In the listing that follows, find the line with "На картинке изображен", then copy exactly from it through the line with "플라워 포니테일 클립", leaving out every picture.

+ + + + +

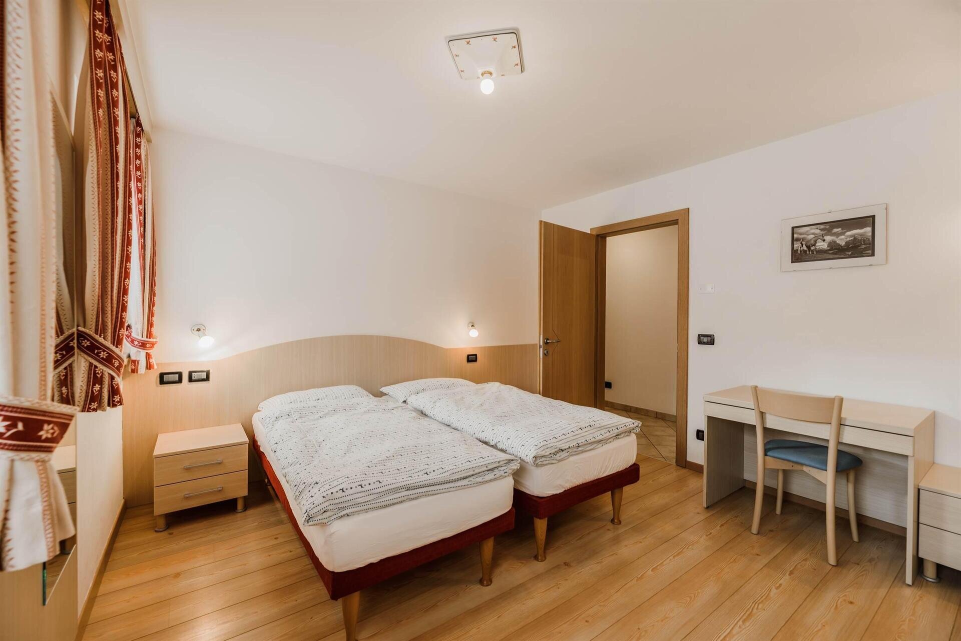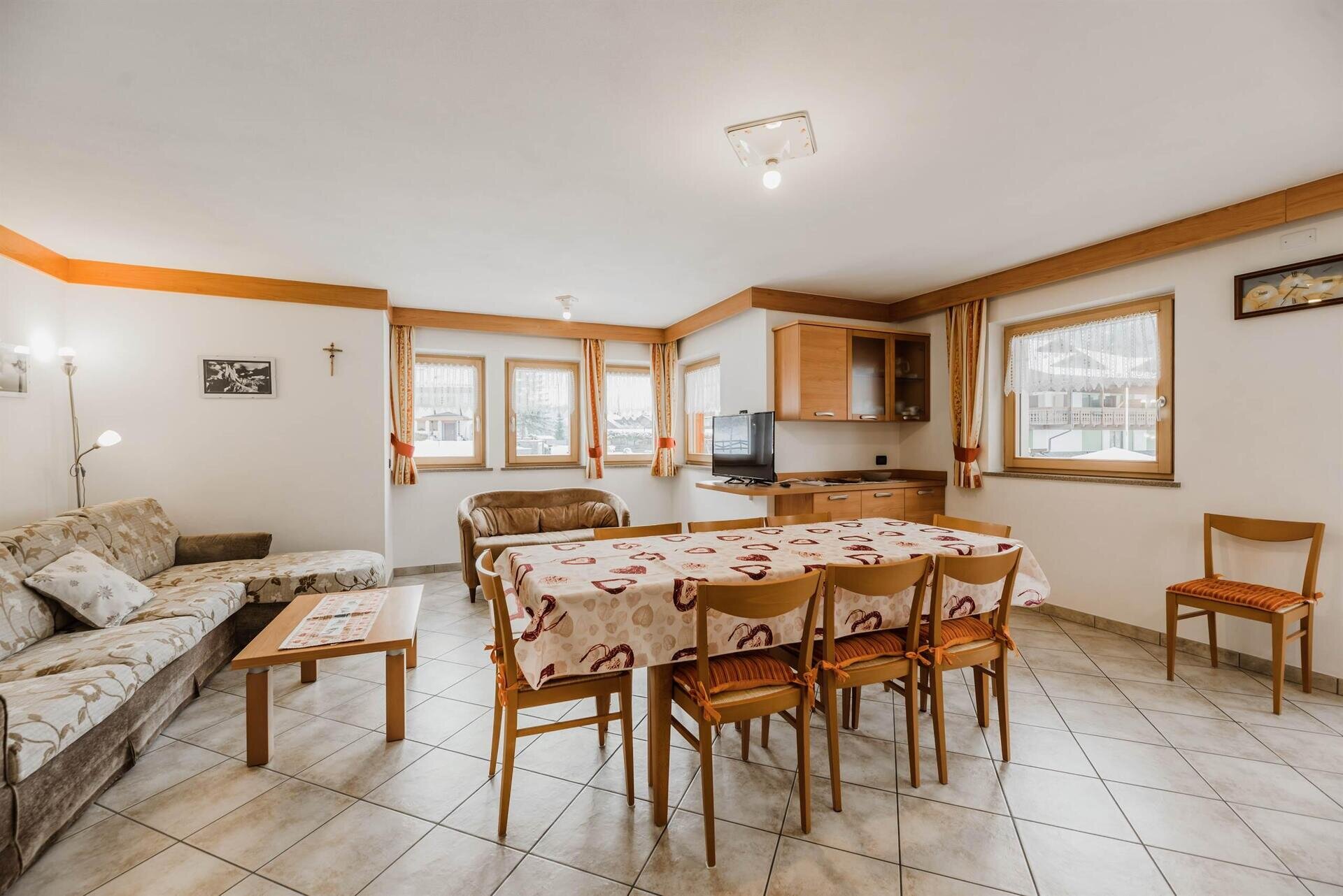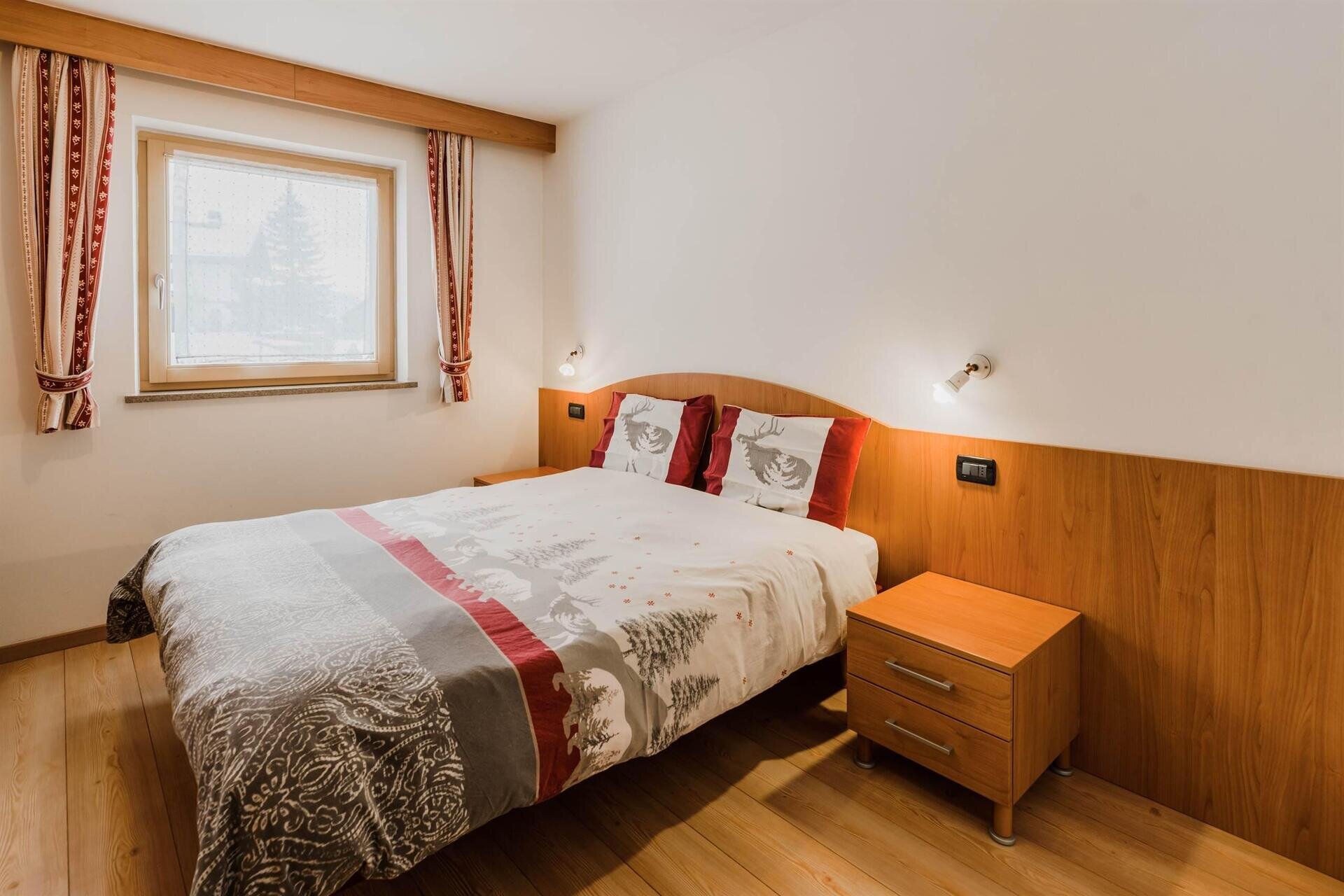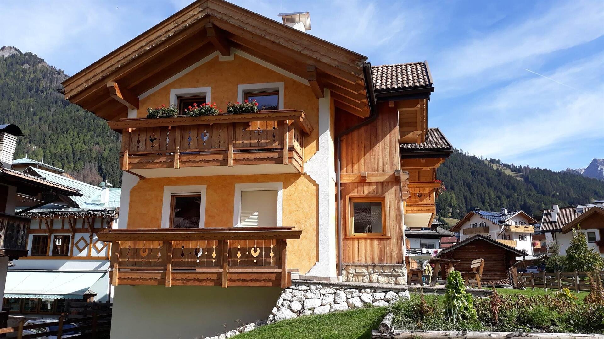 L'appartamento "Soreie" si trova lungo la bellissima Via Meida, in posizione soleggiata e panoramica, rientrato rispetto alla strada. Dal lato sud si ammirano Cima Undici e Cima Dodici, il bosco e la pista dell'Alloch che di notte viene illuminata. Dal lato nord si ha una splendida vista sul Gruppo del Larsech e sul Sassolungo. Dalla casa,
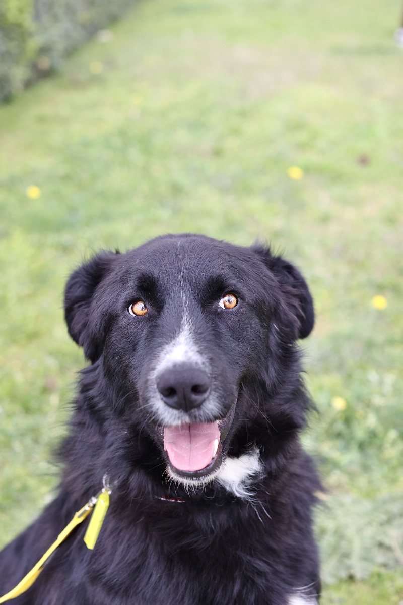 He gets along wonderfully with other dogs and children. Always cheerful, positive, and full of good energy.
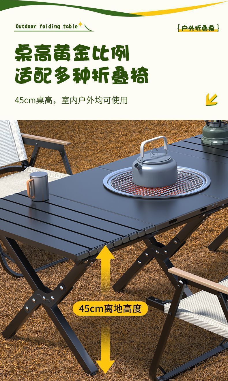 한 테이블 멀티 사용 야외 접이식 테이블과 의자 세트 요리 차 계란 롤 테이블 가정용 바베큐 스톨 야외 바베큐
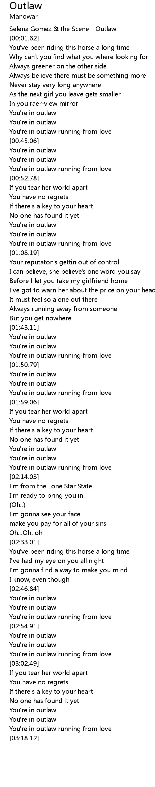| [00:45.95] | You're in outlaw |
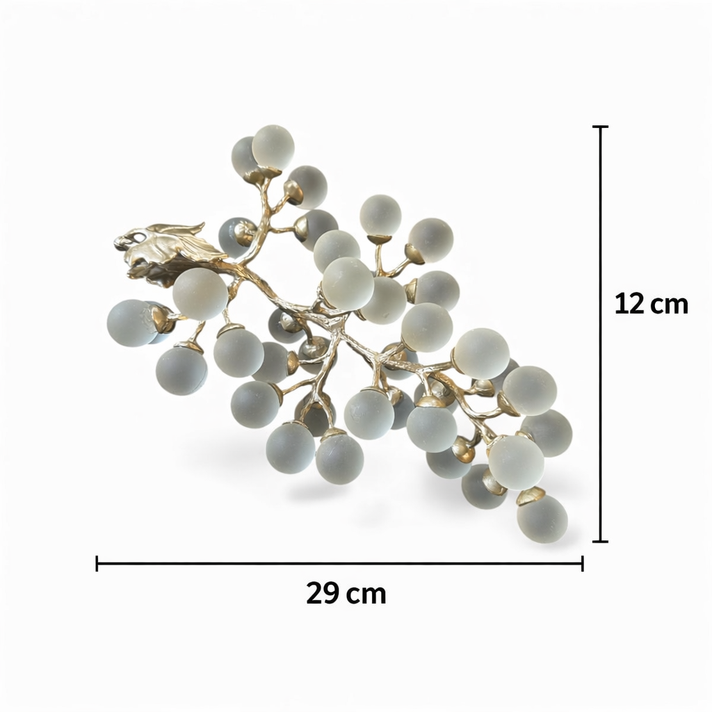 Casetti Home Pirinç Döküm Üzüm Dekoru, el işçiliğiyle üretilmiş pirinç gövdesi ve uç kısımlarındaki buğulu cam detaylarıyla yaşam alanlarına sofistike bir hava katıyor.
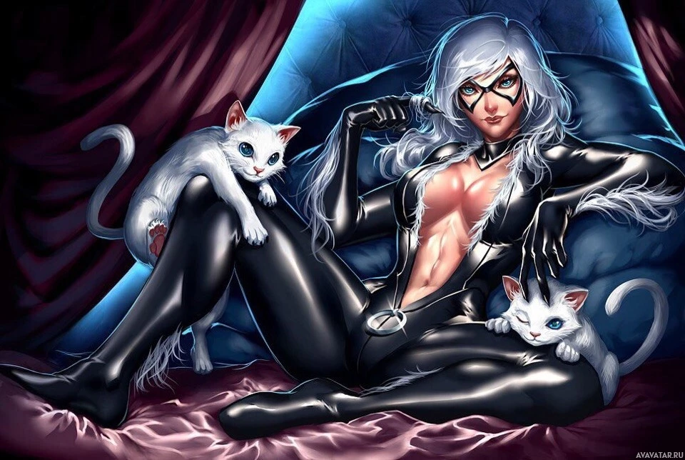 На картинке изображен Черный кот, вымышленный персонаж из комиксов, опубликованных Marvel Comics. Она показана сидящей на кровати или диване с кошкой и другой кошачьей на коленях.
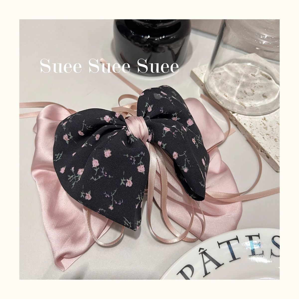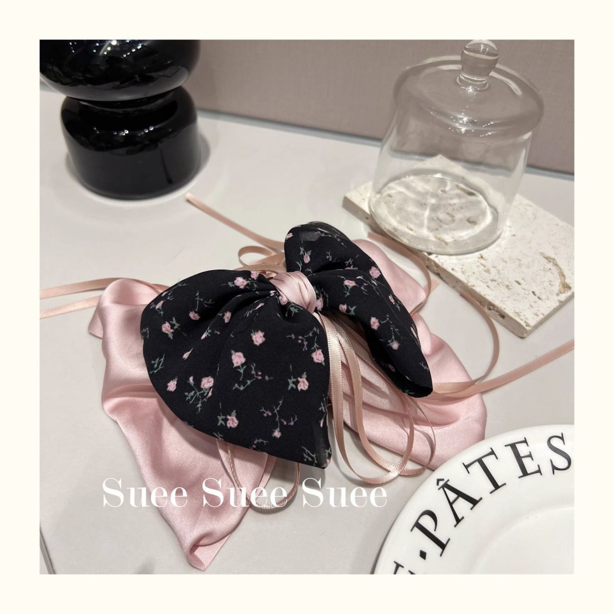• 암흑 핑크 시장 - 블랙 바텀 크러쉬드 플라워 포니테일 클립
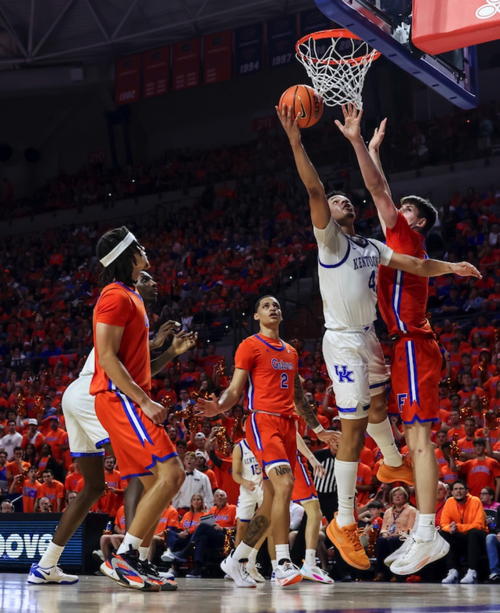 Aaron Bradshaw (#2) shoots the go-ahead three-pointer late in the game over Florida's Micah Handlogten (#3)
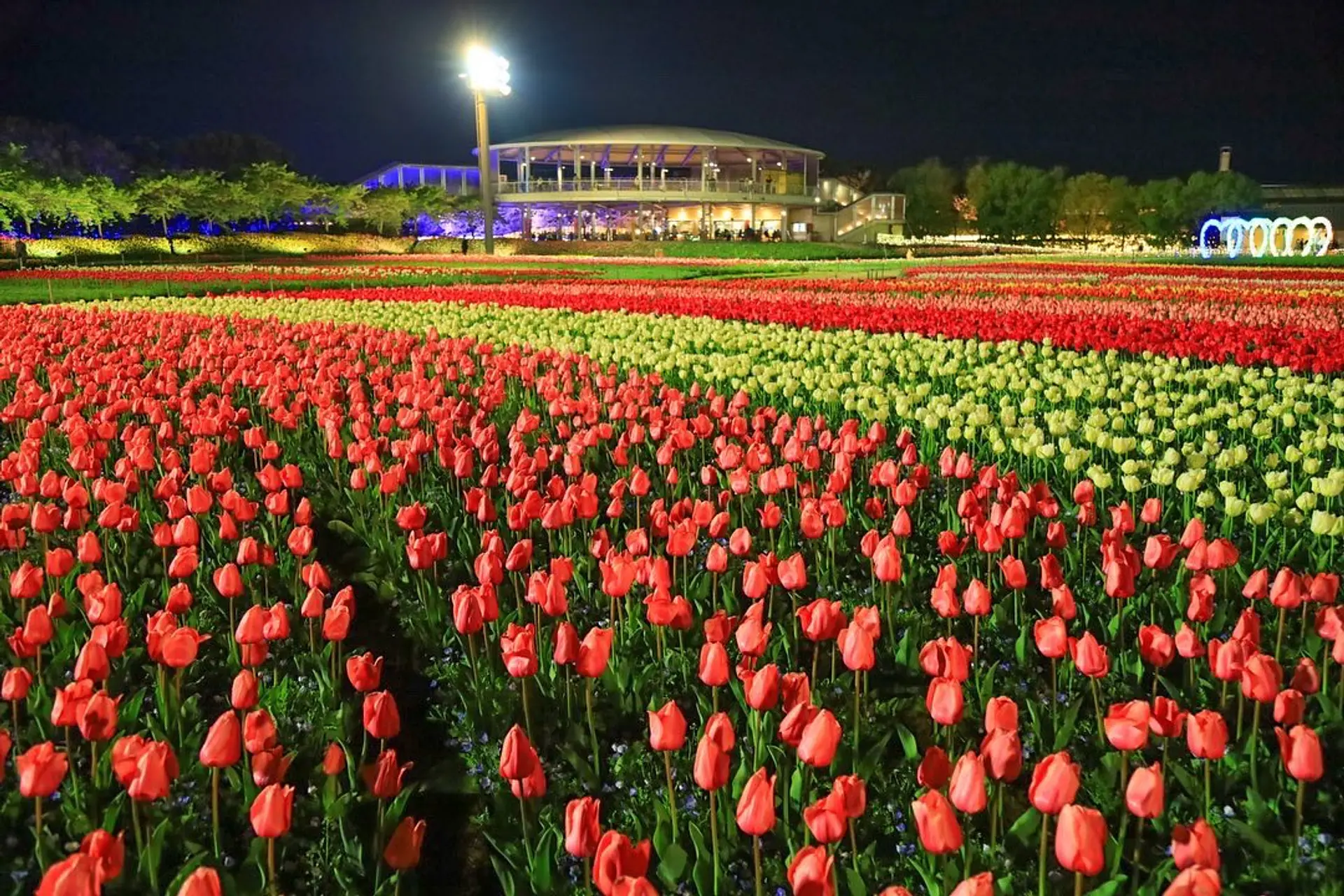 夜は幻想的なライトアップも実施され、昼と夜で表情の違うチューリップを堪能できます。
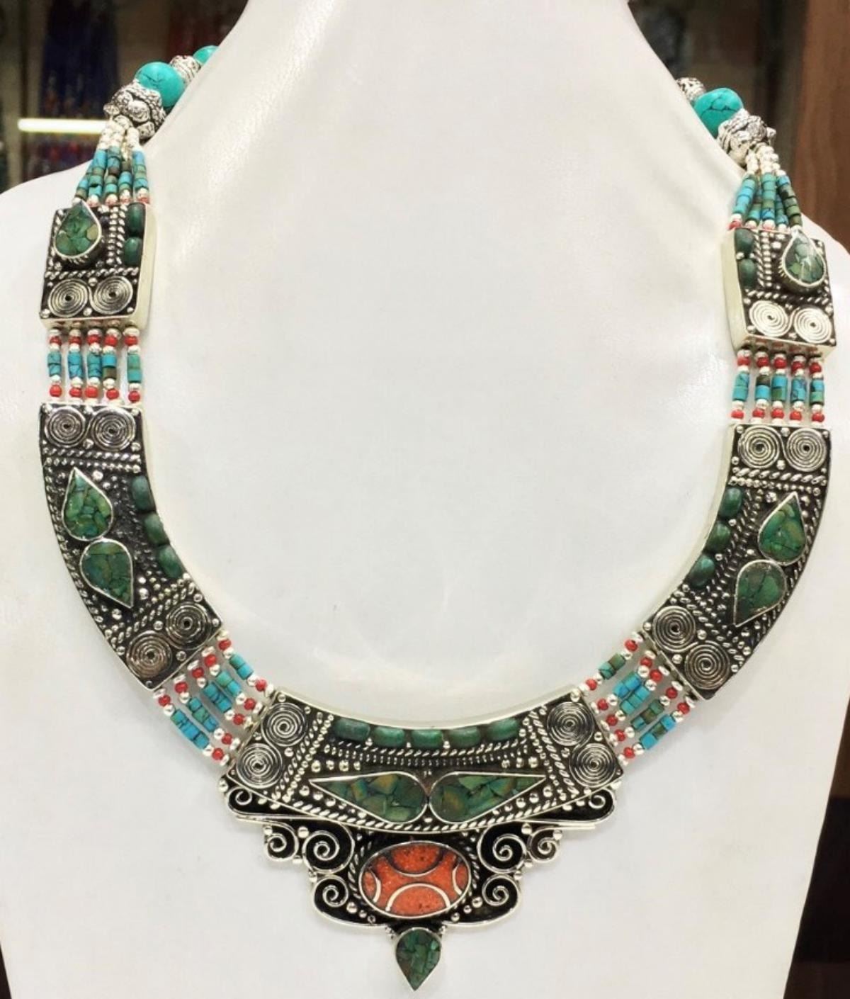 Tibet Natural Stone Hand Made Turquoise, Coral Necklace.......This elegant large Necklace was handcrafted in Tibet, the home of exquisite jewelry craftsmanship. It was skillfully made with large natural Turquoise, each in a deep Tibetan Silver setting. and balance the design perfectly. Turquoise is used virtually worldwide for jewelry making, and is highly prized for its brilliant colors, which vary from mine to mine. The distinctive webbing patterns and variations of color in the stones on this wonderful piece are typical of the natural Turquoise found throughout much of the Himalayan region, where Turquoise has been used in jewelry-making since centuries.”””Note- All stones in this necklace are Natural.....Guranteed....Vintage look but necklace is brand new.

+ + + + +

— Solution to this exercise —
 На картинке изображен Черный кот, вымышленный персонаж из комиксов, опубликованных Marvel Comics. Она показана сидящей на кровати или диване с кошкой и другой кошачьей на коленях.
• 암흑 핑크 시장 - 블랙 바텀 크러쉬드 플라워 포니테일 클립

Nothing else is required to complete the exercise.